**The task:**
Starting with the line that contains "Wave Front Wooden" and stopping after the line that contains "For starters, Oklahoma", copy the entries below exactly. Include nothing else.

**Given records:**
━━━━━━━━━━

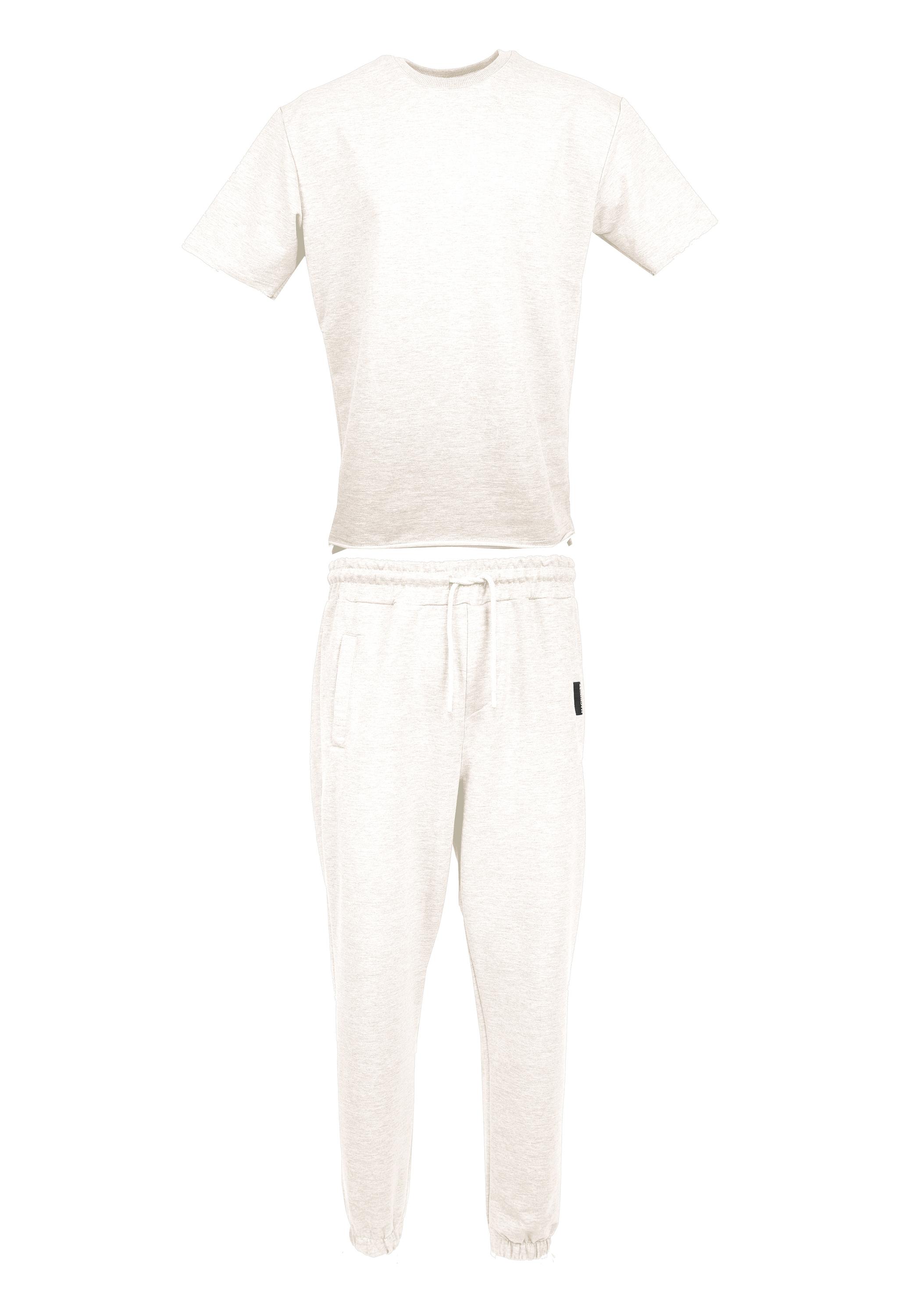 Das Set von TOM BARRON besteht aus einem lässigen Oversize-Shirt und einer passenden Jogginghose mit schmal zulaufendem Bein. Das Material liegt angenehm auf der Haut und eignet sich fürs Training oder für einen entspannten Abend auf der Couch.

━━━━━━━━━━

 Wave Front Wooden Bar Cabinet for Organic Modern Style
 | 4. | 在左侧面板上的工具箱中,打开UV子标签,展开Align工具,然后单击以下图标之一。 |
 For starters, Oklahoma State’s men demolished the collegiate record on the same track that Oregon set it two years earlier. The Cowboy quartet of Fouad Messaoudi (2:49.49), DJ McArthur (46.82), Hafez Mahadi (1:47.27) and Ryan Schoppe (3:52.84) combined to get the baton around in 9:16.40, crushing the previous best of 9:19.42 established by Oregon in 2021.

━━━━━━━━━━

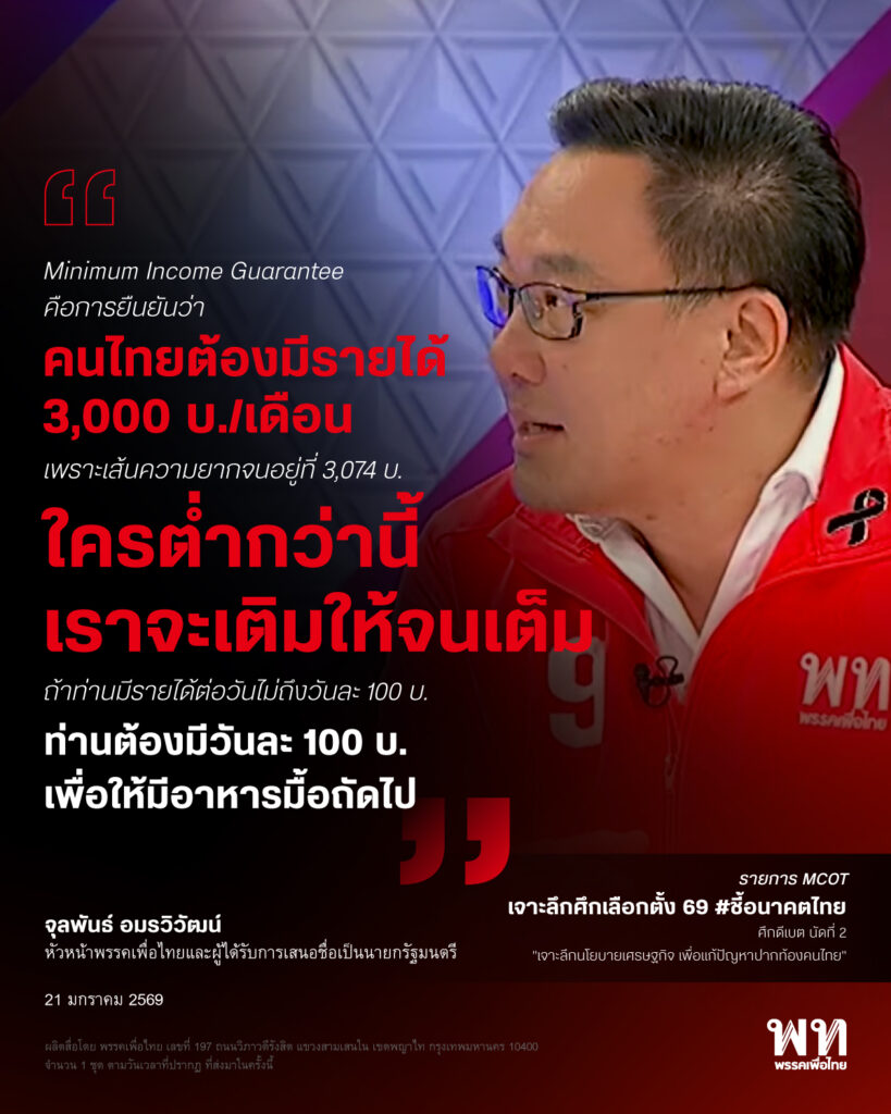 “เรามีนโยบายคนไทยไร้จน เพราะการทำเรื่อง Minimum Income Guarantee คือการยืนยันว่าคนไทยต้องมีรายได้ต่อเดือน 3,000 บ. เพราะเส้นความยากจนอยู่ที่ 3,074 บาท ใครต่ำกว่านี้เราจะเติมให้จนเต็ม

━━━━━━━━━━

**Result:**
 Wave Front Wooden Bar Cabinet for Organic Modern Style
 | 4. | 在左侧面板上的工具箱中,打开UV子标签,展开Align工具,然后单击以下图标之一。 |
 For starters, Oklahoma State’s men demolished the collegiate record on the same track that Oregon set it two years earlier. The Cowboy quartet of Fouad Messaoudi (2:49.49), DJ McArthur (46.82), Hafez Mahadi (1:47.27) and Ryan Schoppe (3:52.84) combined to get the baton around in 9:16.40, crushing the previous best of 9:19.42 established by Oregon in 2021.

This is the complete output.